Class DisableKinesisStreamingDestinationRequest

Container for the parameters to the DisableKinesisStreamingDestination operation. Stops replication from the DynamoDB table to the Kinesis data stream. This is done without deleting either of the resources.

Class DisableKinesisStreamingDestinationResponse

This is the response object from the DisableKinesisStreamingDestination operation.

Class DuplicateItemException

There was an attempt to insert an item with the same primary key as an item that already exists in the DynamoDB table.

Class DynamoDBv2PaginatorFactory

Paginators for the DynamoDBv2 service

Class EnableKinesisStreamingConfiguration

Enables setting the configuration for Kinesis Streaming.

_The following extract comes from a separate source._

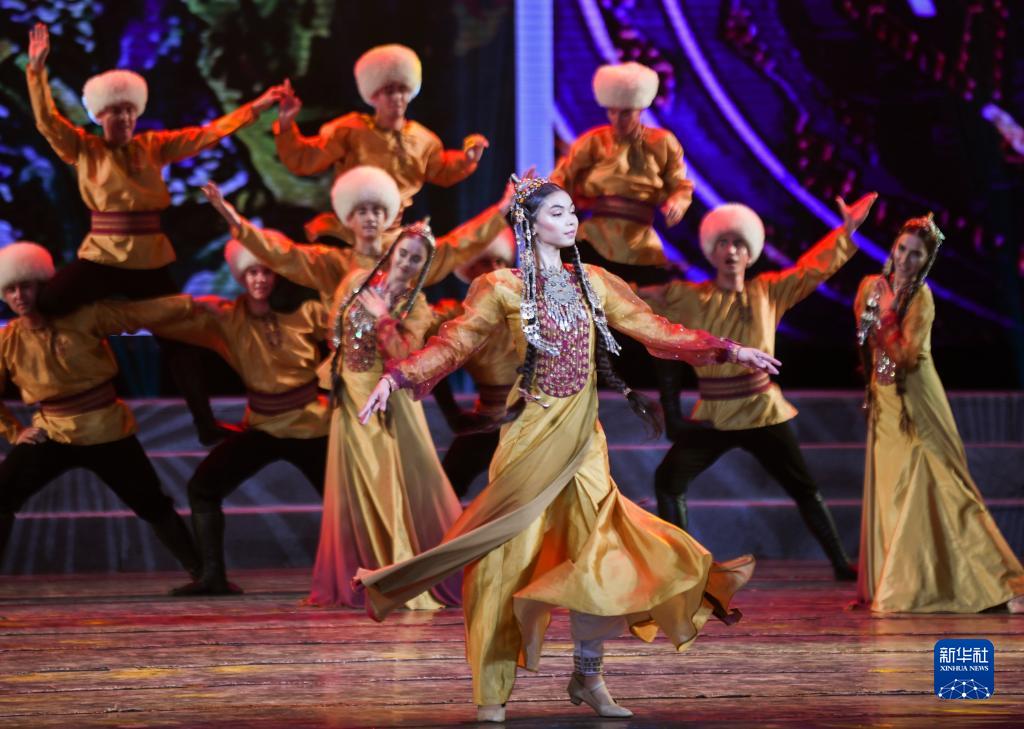 7月31日晚,在新疆人民劇場(chǎng),土庫曼斯坦國家舞蹈團演員在演出。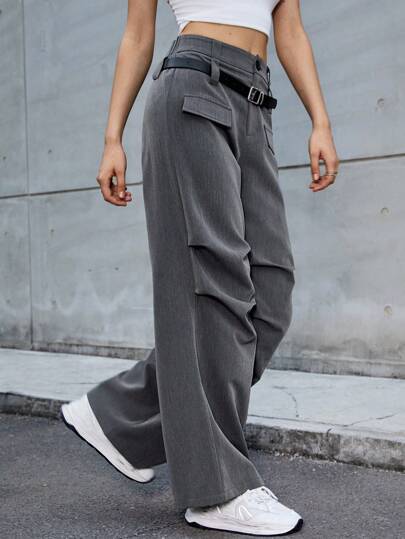 SHEIN EZwear 深灰色編織女士西裝褲 - 灰色 - 查看 1

Class EnableKinesisStreamingDestinationRequest

Container for the parameters to the EnableKinesisStreamingDestination operation. Starts table data replication to the specified Kinesis data stream at a timestamp chosen during the enable workflow. If this operation doesn't return results immediately, use DescribeKinesisStreamingDestination to check if streaming to the Kinesis data stream is ACTIVE.

Class EnableKinesisStreamingDestinationResponse

This is the response object from the EnableKinesisStreamingDestination operation.

Class Endpoint

An endpoint information details.

Class ExecuteStatementRequest

Container for the parameters to the ExecuteStatement operation. This operation allows you to perform reads and singleton writes on data stored in DynamoDB, using PartiQL.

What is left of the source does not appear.